Moreover, reactive nationalism is far from the only way to fight ethnic and racial oppression. A better approach is to appeal to universal principles of liberty and justice. This strategy is no Utopian pie in the sky. It's how the abolition of slavery and Jim Crow segregation were achieved, and how much other oppression was curtailed around the world. Those who think people will never fight and die for universalist liberalism should remember the sacrifices made to win the American Revolution (fought for those very principles), the many lives lost to end slavery, and numerous other examples.
Abjuring reactive nationalism in favor of universal liberal principles is far from a new idea. The great African-American abolitionist Frederick Douglass advanced it back in the 19th century:
We hear, since emancipation, much said by our modern colored leaders in commendation of race pride, race love, race effort, race superiority, race men, and the like…. In all this talk of race, the motive may be good, but the method is bad. It is an effort to cast out Satan by Beelzebub…..
The evils which are now crushing the negro to earth have their root and sap, their force and mainspring, in this narrow spirit of race and color, and the negro has no more right to excuse and foster it than have men of any other race….
Hence, at the risk of being deficient in the quality of love and loyalty to race and color, I confess that in my advocacy of the colored man's cause, whether in the name of education or freedom, I have had more to say of manhood and of what is comprehended in manhood and in womanhood, than of the mere accident of race and color; and, if this is disloyalty to race and color, I am guilty….
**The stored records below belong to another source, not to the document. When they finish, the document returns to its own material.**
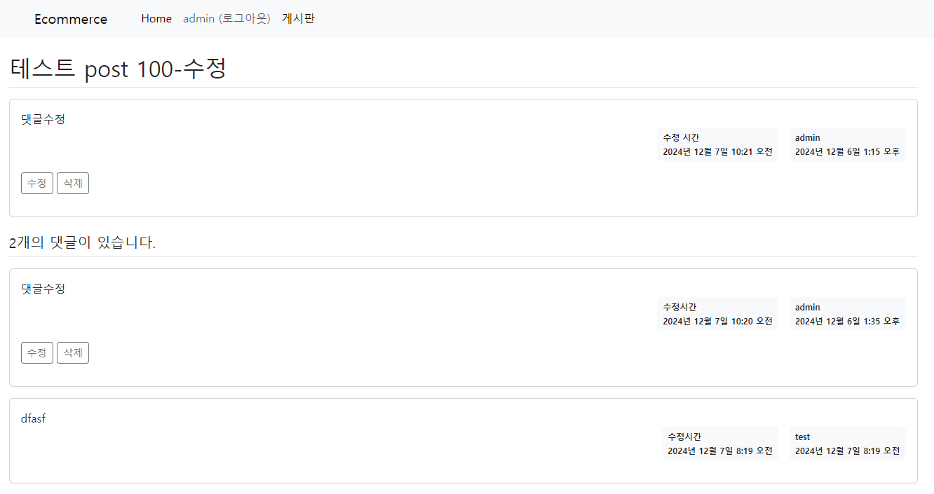 댓글 목록이 출력되는 부분에 답변 수정 버튼을 추가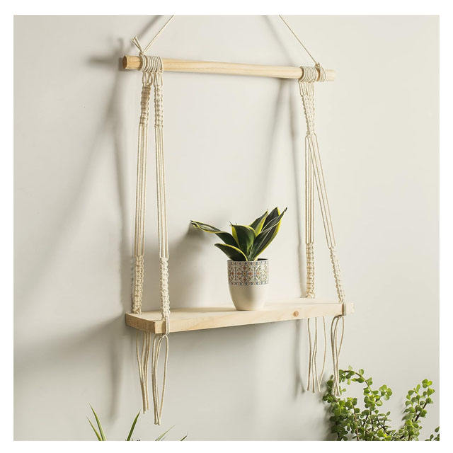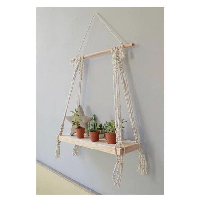 Etagère flottante moderne en bois de pin macramé décoration d'anniversaire de mariage pour le salon tenture murale en bois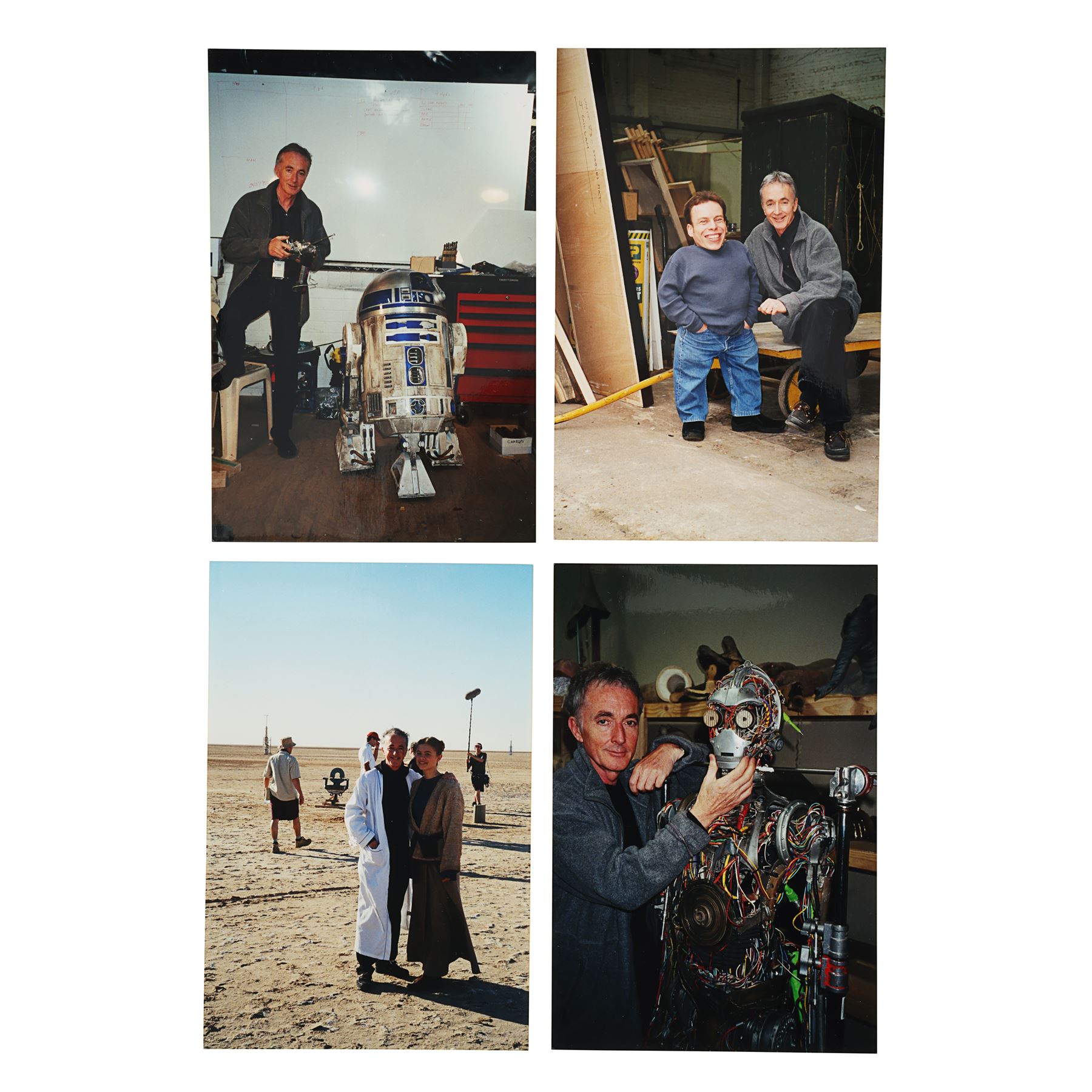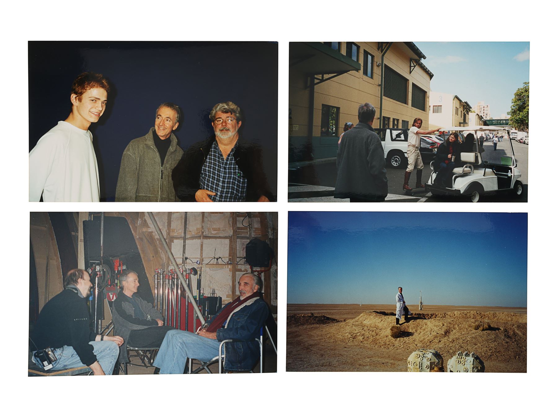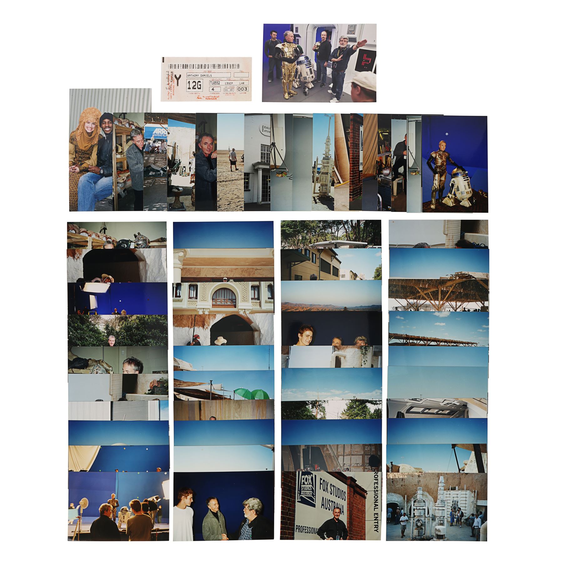Anthony Daniels' personal on-set photographs and a plane ticket from the production of George Lucas' Star Wars: Attack of the Clones. This lot comprises 72 colour photographs taken behind the scenes of Lucas' second Star Wars prequel. Many feature Daniels himself, while some also show other members of the cast and crew, including Lucas, Ewan McGregor, Christopher Lee, Hayden Christensen and Natalie Portman. Also included is Daniels' Tunisair plane ticket and an invitation to a pre-shoot drinks with an accompanying map to the venue. Dimensions (largest photo): 19 cm x 12.5 cm (7 1/2" x 5")

In Douglass's time, the word "race" referred not just to skin color, but to what we today call "ethnicity." Thus, his condemnation was not limited solely to nationalistic movements based on skin color. If a man who personally experienced the horrors of racially based slavery could grasp the wrongness of reactive nationalism, we should be able to, as well.
Reactive nationalism also is likely to bring down a counter-reaction by stimulating nationalism among other groups. As Douglass warned, "[d]o we not know that every argument we make, and every pretension we set up in favor of race pride, is giving the enemy a stick to break our own heads?… We cannot afford to draw the color-line in politics, trade, education, manners, religion, fashion, or civilization. Especially we cannot afford to draw the color-line in politics." What is true of racial color lines also applies to ethnic divisions.
There may be times and places where some kind of reactive nationalism is the only politically feasible alternative to an even greater evil. Choosing between greater and lesser evils may be the only options we have. But we should at least remember that the lesser evil is still and evil and should be dispensed with at the first available opportunity.